Everything you said is wrong. Your overall rank (the only one of any consequence) is primarily decided currently by your most recent 15 games and the overall rank you were at the start of that period. Size and speed settings have no consequence whatsoever.
Happy to know that I was wrong.
This means that for a specific size/time-setting the rating is calculated in the same way on the last 15 games played over such combination only?
aaah yeah I believe so… they should all be calculated the same way, just from different pools
Thanks BHydden.
Small suggestion: it should be reported somewhere. Probably linked to a small (?) question mark over the table because it is no so obvious that the overall rating is not the sum (or the weighted average) of the other pools.

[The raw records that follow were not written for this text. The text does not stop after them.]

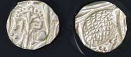 | Description / विवरण | Descrpn./Obv In the centre, a chhatra with Sa and Ta in Gurumukhi script on the left and right of its shaft; traces of the Persian legend seen on the obverse of the bigger Nanakshahi coins of Amritsar mint are also seen. Descrpn./Rev Big peepal leaf and traces of the Persian legend seen on the reverse of the bigger Nanakshahi coins of Amiritsar mint - Shri Amritsarjiv zarb [VS Year] Takht maimanat julus manus Akal Bakht. Especially traces of alif of Akal and te of Takht and maimanat are seen |
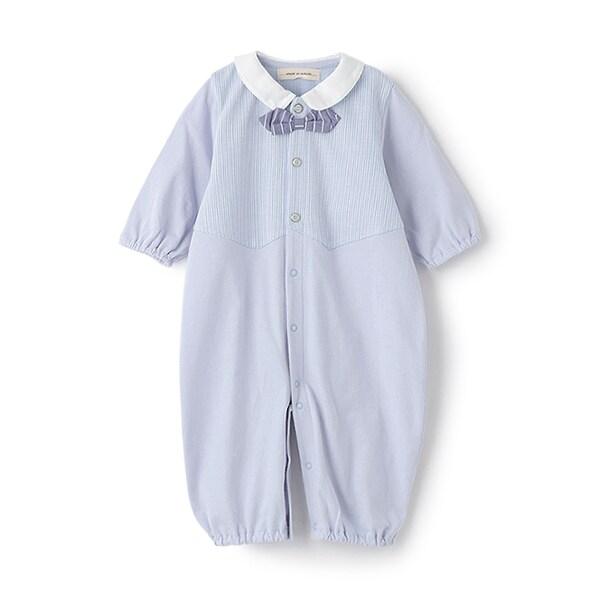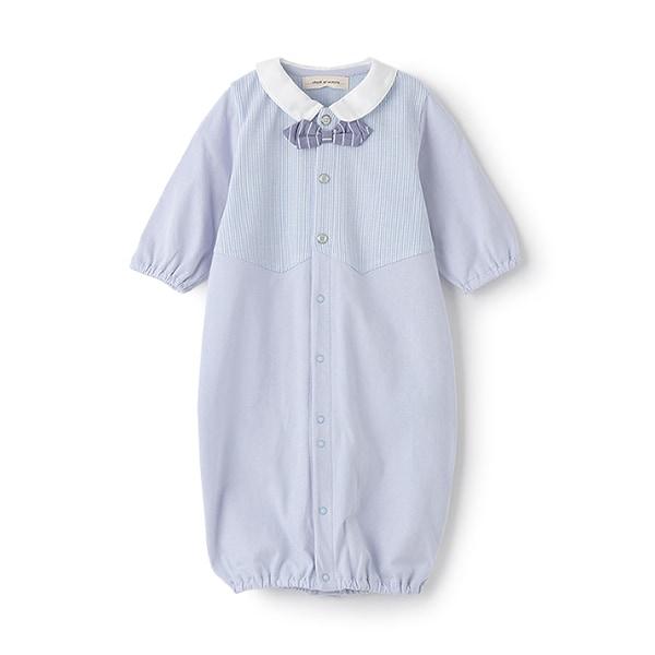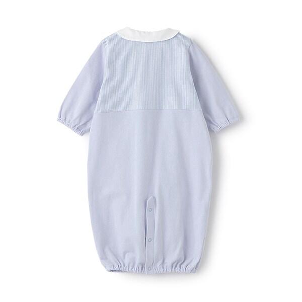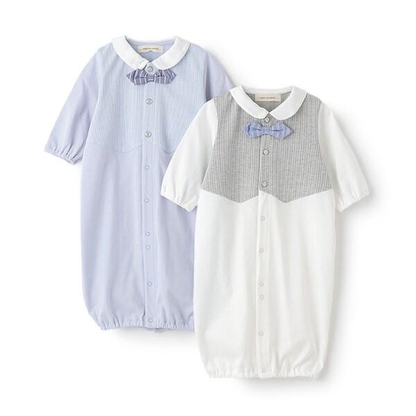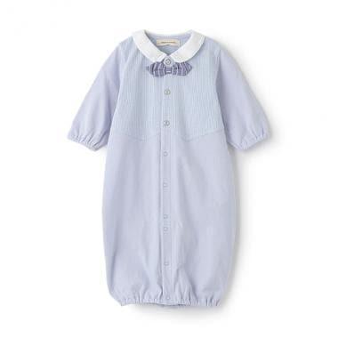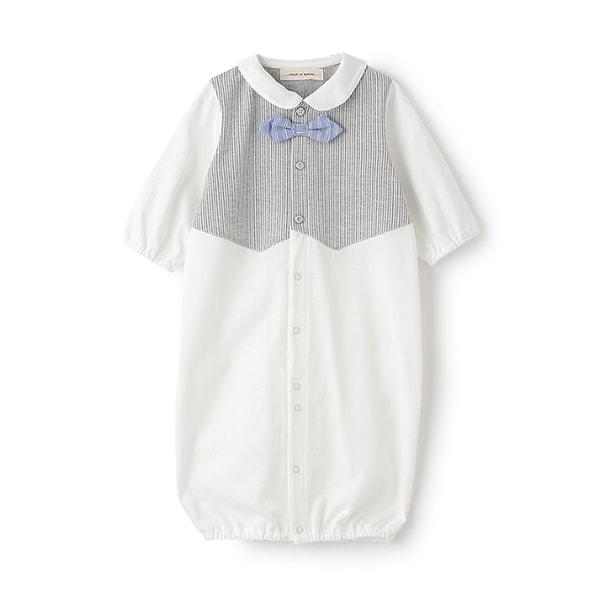 在寶寶剛出生時可作為連衣裙穿,從 2 個月或 3 個月大開始,只需改變襠部的紐扣扣法,即可作為褲裝穿。
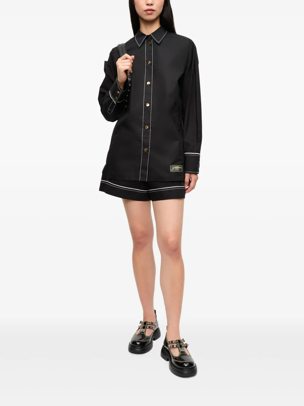 Рубашка с контрастной отделкой GANNI, черный
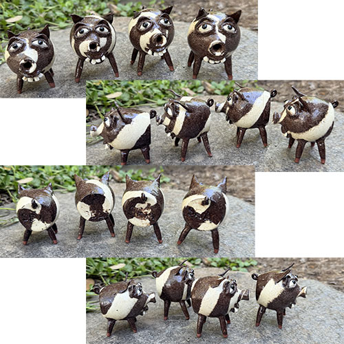 This is a wonderful set consisting of mama and 4 piglets. Mom is 7.5" tall, 9" nose to tail and 4.5" deep. Piglets are 3" tall, 3" nose to tail and 1.75" deep.
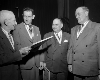 A. L. Shuman, left, presented Silver Beaver awards to three outstanding adult Boy Scout leaders at the annual Longhorn Council banquet. Receiving the awards, left to right, were Vernon Hoaldridge, Tome Demarest and J. Van Renfro. Published in Fort Worth Star-Telegram, evening edition March 29, 1951.
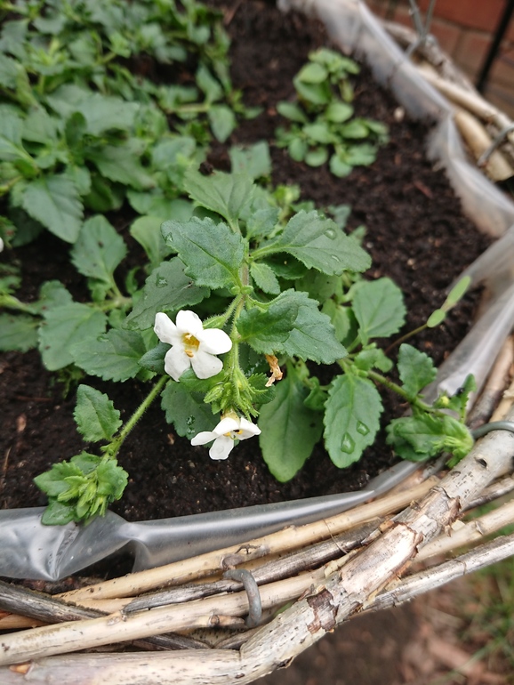 В плетеных кашпо петунья (когда уже зацветет!?) и бакопа (собственного выращивания)))).
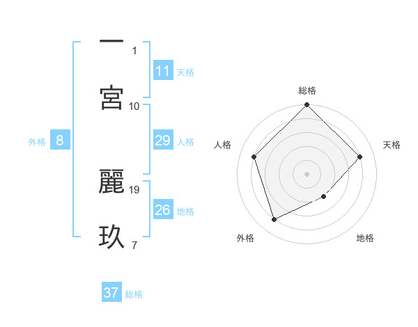 一宮 麗玖さんの総格は37画の5点!
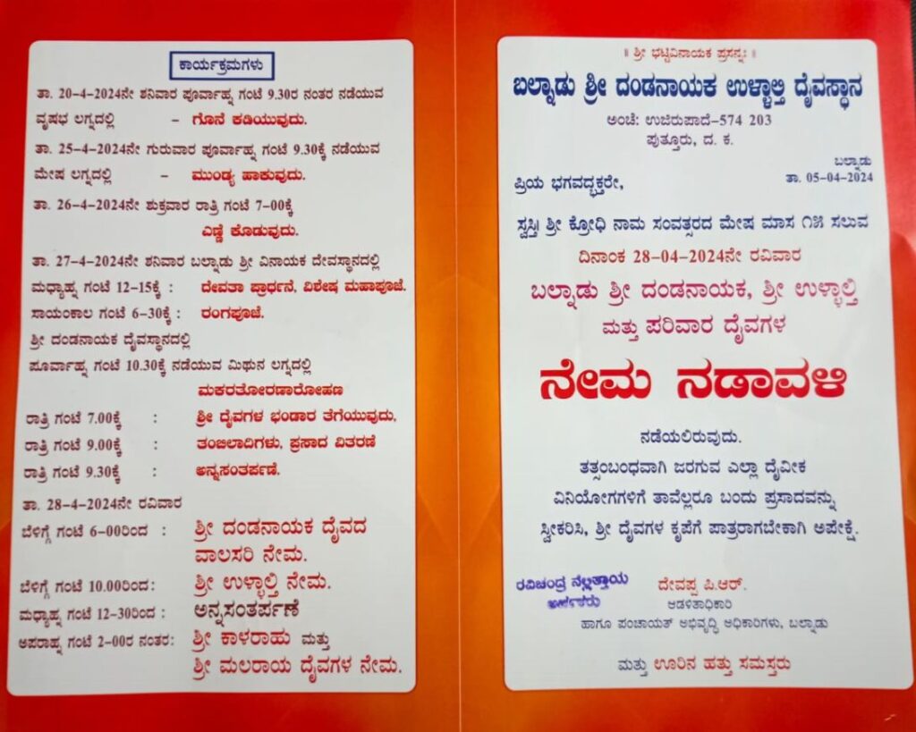 ಏ.28 ರಂದು ಬೆಳಿಗ್ಗೆ 6 ಗಂಟೆಯಿಂದ ಶ್ರೀ ದಂಡನಾಯಕ ದೈವದ ವಾಲಸರಿ ನೇಮ ನಡೆಯಲಿದೆ.

I think this is a useful clarification especially (but not only, I think) for new users.
In any case, it seems that the rule of the last 15 games doesn’t apply for any pools.
Taking as example @timuzhti game records (sorry if I use your record as an example since my record is affected by different combinations), he played in the last 15 ranked games only correspondence on 19x19 board.
His rating table reports different ratings in overall position (2312) versus the 19x19/correspondence (2355). Also, the overall rating on a 19x19 is different (2224). If what we said above is true, the three mentioned numbers should be equal. This rating table is not clear at all what it means and how it is calculated.
Still considering that I’m wrong, it is not clear to me what is instead correct.
For example, what is the difference between overall 19x19 versus correspondence 19x19 if the other time settings don’t affect the leftmost column? If those numbers are affected only by the last 15 games made on a 19x19 the information should be redundant and the result should be the same. This is not the case as you can see.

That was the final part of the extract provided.